But look closely and you will see telltale signs that this is no ordinary "metal-basher". Reception has a vibrant display of lilies, while in the office a bowl of salt sits beside each computer. Like the area being set aside as a garden, these touches betray the influence of feng shui at this Hertfordshire firm.

And an interest in this increasingly popular oriental philosophy is just one thing that managing director David Smallridge claims to have picked up from membership of the Academy for Chief Executives (ACE). He has given each of his 42-strong workforce a business card, encouraged his employees to take night classes in a range of disciplines not necessarily directly connected to their work, given them up to pounds 500 each to spend on equipment of their choice and installed a computer with internet access in the canteen to encourage a greater facility with the computers gradually taking over the engineering industry.
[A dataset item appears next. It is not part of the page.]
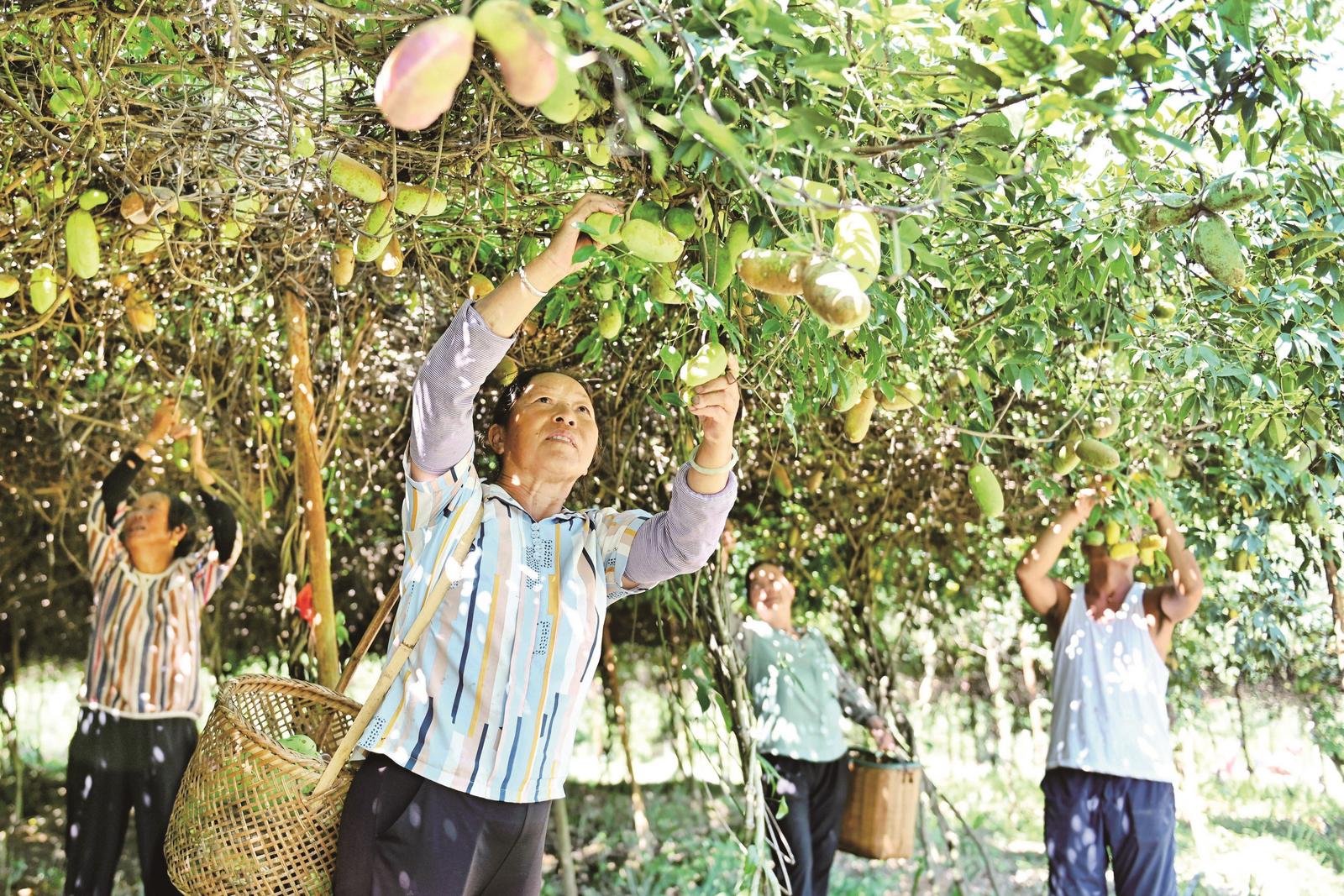 10月8日,农民在洞口县毓兰镇亿丰农林产业园采摘八月瓜。寒露时节,该县农民抢抓农时,在田间地头进行农作物秋收、秋种、秋管等农事作业。

Though he admits he is not sure if every initiative is affecting performance, all are a response to the urgings of fellow members of ACE. As he explains, making a commitment to do something one month and then being questioned on whether you actually did it at the next month's meeting puts a lot of pressure on people like him to keep trying things.
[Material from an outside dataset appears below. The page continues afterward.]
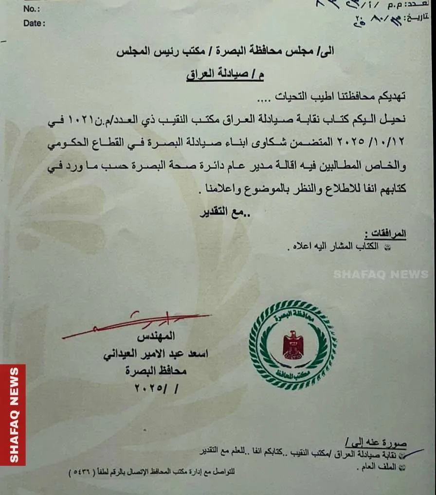 وجاء في الوثيقة التي حصلت عليها وكالة شفق نيوز، والصادرة من مكتب العيداني إلى مجلس البصرة، "نُحيل إليكم كتاب نقابة صيادلة العراق مكتب النقيب ذي العدد (م.ن/121) في 12/1/2025 المتضمن شكاوى أبناء صيدلة البصرة في القطاع الحكومي والخاص المطالبين فيه بإقالة مدير عام دائرة صحة البصرة حسب ما ورد في كتابهم لغرض الاطلاع والنظر بالموضوع واعلامنا".

Mr Smallridge is just one of more than 100 business leaders who have signed up for the academy since it was launched in Letchworth, Hertfordshire, 18 months ago. An outgrowth of the much longer-established, and US-based TEC International, the academy is, says Sue Cheshire, its chief executive, a means for leaders to give and receive genuinely independent feedback.

Though primarily aimed at owner-managers running businesses with turnover of a few million pounds, the organisation also appeals to executives in much larger organisations with boards and other corporate support on the grounds that it is, says Ms Cheshire, "like having a non-executive board but without the baggage".

As with TEC, members pay a subscription and join a group of about 14 others from non-competing companies. Each group has a chairman who, as well as taking charge of the montly, all-day meeting, visits each member once a month.

Besides the opportunity to receive advice from people who might have been in a similar situation in the past, members are attracted by the chance of being able to balance their own skills with those of others, and of being put in a position to assess her or his organisation against others outside its sector.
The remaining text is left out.